"Tort reform," which is usually billed as the answer to "frivolous malpractice lawsuits," has been a central plank in the Republican program for healthcare reform for decades.
The notion has lived on despite copious evidence that that the so-called defensive medicine practiced by doctors merely to stave off lawsuits accounts for, at best, 2% to 3% of U.S. healthcare costs. As for "frivolous lawsuits," they're a problem that exists mostly in the minds of conservatives and the medical establishment.
A new study led by Michael B. Rothberg of the Cleveland Clinic and published in the Journal of the American Medical Association aimed to measure how much defensive medicine there is, really, and how much it costs. The researchers' conclusion is that defensive medicine accounts for about 2.9% of healthcare spending. In other words, out of the estimated $2.7-trillion U.S. healthcare bill, defensive medicine accounts for $78 billion.
As Aaron Carroll observes at the AcademyHealth blog, $78 billion is "not chump change ... but it's still a very small component of overall health care spending." Any "tort reform" stringent enough to make that go away would likely create other costs, such as a rise in medical mistakes generated by the elimination of the oversight exercised by the court system.
Since it doesn't appear that "tort reform" would have any effect on this spending, Carroll says, "there seems little reason to pursue it as a means to dramatically reduce health care spending in the United States."
The prevalence of defensive medicine may be overestimated by doctors themselves, Rothberg and his colleagues found, because many procedures are ordered in part defensively, but partially or mostly for legitimate diagnostic or therapeutic reasons. "Tort reform" would only eliminate orders made purely because of fear of litigation -- that is, 100% defensively -- and that's a tiny percentage of the total.
That's why the suppression of malpractice lawsuits has remained part of Republican and conservative orthodoxy despite the evidence that its impact on healthcare spending would be minimal. Even in conservative healthcare pundit Avik Roy's supposedly objective proposed alternative to the Affordable Care Act (which we examined here), malpractice "reform" retains its pride of place.
Roy acknowledges the findings that defensive medicine accounts for only 2% to 3% of spending, but writes, "nonetheless, reform is warranted." He asserts, curiously, that "the U.S. health care system is uniquely vulnerable to frivolous malpractice lawsuits." But if the numbers don't validate that claim, what does?
The minimal impact of defensive medicine on healthcare costs demonstrates the injustice of the stringent limits on malpractice lawsuits advocated by doctors, insurance companies and Republican policymakers.
As we've pointed out in the past, "pain-and-suffering" damage caps and other stratagems to discourage malpractice lawsuits benefit mostly insurers. Their impact falls disproportionately on women and families with infants, because their economic damages, which remain subject to jury awards, are hard to estimate and typically underestimated.
As for "frivolous lawsuits," defined as cases that should never have been brought at all, they're a lot rarer than most tort reform advocates admit. Studies have documented that the vast majority of them don't yield a payment to the plaintiff. The converse is a bigger problem -- genuinely injured patients who can't get redress because the courthouse doors have been shut to them. The victims there are often lower-income or unemployed patients.

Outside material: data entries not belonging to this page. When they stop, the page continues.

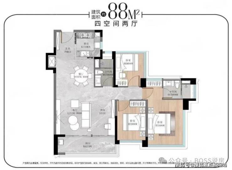 (2)“0飘窗”黑科技:虽然阳台率从25%降到20%,但通过“0飘窗+薄墙体”设计,实际使用率120%,相当于107㎡户型能当128㎡用,直接叫板天河125㎡产品。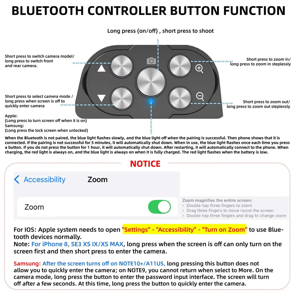 - Full Bluetooth Camera Control: The detachable Bluetooth controller lets you snap photos, record video, and zoom without needing to touch the screen.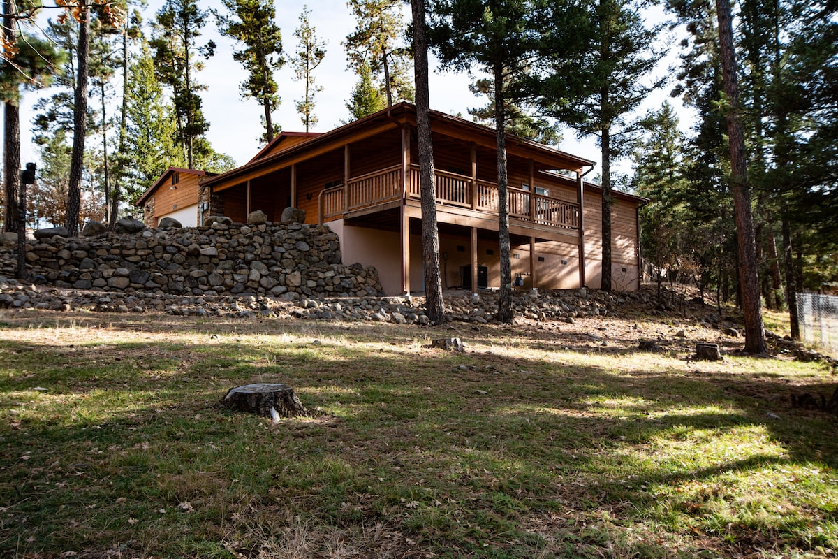 Toasty Timbers is a fully remodeled cabin located just 1 mile from midtown Ruidoso in the Upper Canyon district. This cozy cabin will have you ESCAPING the hustle & bustle as you enjoy the large covered deck in the cool pines w/ a glass of wine or cup of coffee! Enjoy the deer, elk & horses that frequent this cabin!Toasty features beautiful wood accents throughout so you never feel like you've left the outdoors. Enjoy the comforts of home w/ A/C, wifi, fireplace, full kitchen & tv in ea bedroom!

The quintessential tort reform law is California's MICRA, to the state's shame. The Medical Injury Compensation Reform Act capped noneconomic and nonmedical damages in malpractice to $250,000 in 1975. Inflation has eroded that sum to the equivalent today of about $57,000 in 1975 dollars.
To have retained its value, the MICRA limit would have to be raised to about $1.1 million today. That's the goal of Proposition 46 on the November ballot. Even though the MICRA increase has been yoked to a silly plan for drug testing of doctors, it's worth your vote.
Roy's proposal would impose the same $250,000 limit on noneconomic damages for any patient receiving a federal health insurance subsidy under the Affordable Care Act or enrolled in Medicaid, Medicare or any other federal program.
Why them? Apparently only because they're within the grasp of federal law. Roy all but acknowledges that there's no legitimate economic reason for this punitive approach. It won't save a significant amount of money. It won't change the direction of healthcare costs. It's just nastiness, and as is usual with conservatives approaches to healthcare, it punishes the most defenseless members of society. Healthcare policy should do just the opposite.